Итак, тщеславие борется за призрачное, и смирение вводит в царство реальности.
Тщеславный человек совершает три ошибки: во-первых, он принимает самого себя за нечто очень «важное» в жизни; во-вторых, ему кажется, что он чрезвычайно «многого» достиг и очень многое совершил; и, в-третьих, ему хочется, чтобы эти великие «достижения» и «свершения» были повсеместно признаны и превознесены.
Преодоление тщеславия должно начаться с постижения третьей ошибки.
Надо принять во внимание, что сила суждения и компетентность, необходимые для истинного «признания», присущи лишь очень немногим людям; что на свете есть слепое и бестолковое признание, легкомысленное и безответственное восхваление, поддельный и своекорыстный восторг, продажная критика и оплаченный успех.
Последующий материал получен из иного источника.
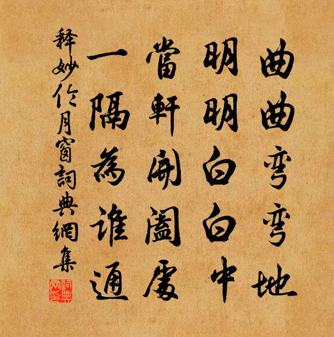 詩詞名句歷史字典書法欣賞書法字典國語詞典說文解字康熙字典古漢語字典標 題 作 者 詩 句 月窗作者:釋妙倫 朝代:宋代月窗原文曲曲彎彎地,明明白白中。當軒開闔處,一隔為誰通。詩詞問答問:月窗的作者是誰?答:釋妙倫問:月窗寫於哪個朝代?答:宋代釋妙倫月窗書法欣賞月窗書法作品詩詞推薦折柳林洪〔宋代〕湖邊楊柳色如金,幾日不來成綠陰。折得柔條入城去,教人知道已春深。同前太行皇太后輓詞二首周必大〔宋代〕憶昨登中壽,梅觴慶九重。回春方晝永,月掩遽雲濃。鐘鼓沈長樂,蠶桑罷濯龍。宣仁遺懿在,定謚獨追蹤。向伯恭薌林詩王銍〔宋代〕楚人喻薌草,可佩復可食。靈均楚同姓,放逐去其國。皎皎忠良心,惕惕懼讒賊。扁舟下滄浪,魂迷招不得。至今和潘叔治題劉道士房畫薛稷六鶴圖六首其三唳梅堯臣〔宋代〕引吭向層霄,聲聞期在耳。鼓吻意豈疏,知音何已矣。安得九皋同,流響入萬里。送知久禪者釋重顯〔宋代〕霜竹凝寒攜九節,銅瓶浪鎖千溪月。天上人間不自知,行行誰共分清絕。和之美諷古二首司馬光〔宋代〕曲逆從漢祖,出奇誰與讓。一朝寄天下,不及王陵戇。登凌歊台許棠〔唐代〕平蕪望已極,況復倚凌歊。江截吳山斷,天臨楚澤遙。雲帆高出樹,水市迥分橋。立久斜陽盡,無言似寂寥。題豐穎樓陳宓〔宋代〕壽溪百里薦寒流,來護楊君少尹丘。三復先公當日翰,重修處士舊時樓。高山不減八千仞,往事空餘五十秋。闢作鳳皇台倪垕〔宋代〕鳳皇凰皇幾千載,鳳皇已去台空在。應多燕雀語畫梁,瞥見蛟龍起滄海。二十年前曾來游,野田白鷺涵清秋。今夕和徐季功舒蘄道中二十首王之道〔宋代〕一夜西風作曉晴,紛然花草斗欣榮。蒼松巧與天桃並,漫使詩人意不平。送徐仲洪尉南安八首彭龜年〔宋代〕催科莫作擾人看,趁此登場早了官。坐視貪殘敗吾子,不如自放一分寬。乙巳邵武建寧夜坐書呈諸公陳普〔宋代〕一合乾坤貯鬼神,入虛何敢謂無人。暗中射鮒誰知見,繞市青衣說與人。送洪景之循州參軍秦觀〔宋代〕寒梅不自重,輒花桃李先。矯枉有佳菊,最後眾芳妍。各因一時美,難以相嗤憐。物理固若是,士林亦宜然。夫子約餘明遠董嗣杲〔宋代〕靜極占鴉鵲,閒來棄簡書。風停思晚醉,泥軟便春耡。透屋哀歌切,懷人吉夢疏。餘樽須共倒,莫惜過吾廬。次韻黃侍郎滄江海棠六絕魏了翁〔宋代〕指麾紅紫思無濱,抵當丹青筆有神。百樹花閒一編易,主人意韻鎮長新。過玉山東三塘五首楊萬里〔宋代〕身行衢信兩中間,夾路尖峰面面寒。只道秋山似春筍,不知春筍似秋山。奉和武功學士舍人紀贈文懿大師淨公徐鉉〔唐代〕往往冥搜宵不寐,時時任性晝仍眠。高情麗句誰偏重,新地詞臣李謫仙。偶書二首方回〔宋代〕一昨懸車後,蹉跎又五年。常書乞米帖,猶費買花錢。諸人頗有和余百梅詩者各賦一首劉克莊〔宋代〕每抱懷中玉雪如,吳霜不覺點虬須。生三槐裔皆當貴,為六梅孫莫太臞。抹黛村眉慚醜怪,約黃宮額費妝塗。南園和李中丞與李給事山居雪夜同宿小酌白居易〔唐代〕憲府觸邪峨豸角,瑣闈駁正犯龍鱗。[二人當官盛事,為時所稱也。]那知近地齋居客,忽作深山同宿人。一盞寒名句推薦長於春夢幾多時,散似秋雲無覓處。晏殊《木蘭花·燕鴻過後鶯歸去》 不作無益害有益,功乃成;不貴異物賤用物,民乃足。佚名《尚書·周書·旅獒》 憶年十五心尚孩,健如黃犢走復來。杜甫《百憂集行》 後不乏人,榮之方久,賢者自苦亦惠嗣。來俊臣《羅織經·固榮卷第六》 不要人夸顏色好,只留清氣滿乾坤。王冕《墨梅》 一節見則百節知矣。劉向《說苑·尊賢》 重五山村好,榴花忽已繁。陸游《乙卯重五詩》 思婦高樓上,當窗應未眠。徐陵《關山月》 姑蘇台上烏棲時,吳王宮裡醉西施。李白《烏棲曲》 好一似食盡鳥投林,落了片白茫茫大地真乾淨。曹雪芹《紅樓夢·第五回》

Надо понять, что в современном обществе есть множество тайных союзов, – религиозных и национальных, политических партий, полуполитических клубов, и даже эротических союзов, – члены которых при всяких обстоятельствах поддерживают друг друга; восхваляют и выдвигают «своих» и замалчивают или поносят «чужих». Надо отдать себе отчет в том, что масса следует моде и рекламе, партийным внушениям, закулисным нашептам и очень часто верит наемной «клаке», которую в Италии называют «негодяями в желтых перчатках» («ladri in guanti gialli»). Как много людей, восхваляющих модное – по расчету, из страха перед общественным мнением или по тщеславию и снобизму. И как смутно делается на душе, когда слышишь похвалу из уст безвкусного пошляка, или нигилиста, или заведомого лжеца и злодея: и стыдно, и тревожно, и грустно! Сознание, что мой труд одобрен нечестивцем, что я угодил духовному слепцу или глупцу, что известные плуты восхищаются моим созданием на всех перекрестках, может вызвать в душе настоящее удручение… И тот, кто сообразит и продумает все это, скоро поймет, что только признание зрелого судьи, мудрого созерцателя и чистосердечного критика может быть желанным и радостным. А такие люди будут хвалить меня только тогда, когда я сам буду чувствовать, что меня оправдывает моя собственная совесть и что меня укрепляет Божий луч. Вот почему Пушкин был прав, когда советовал поэту не дорожить успехом у толпы и судить себя самого высшим и строгим судом…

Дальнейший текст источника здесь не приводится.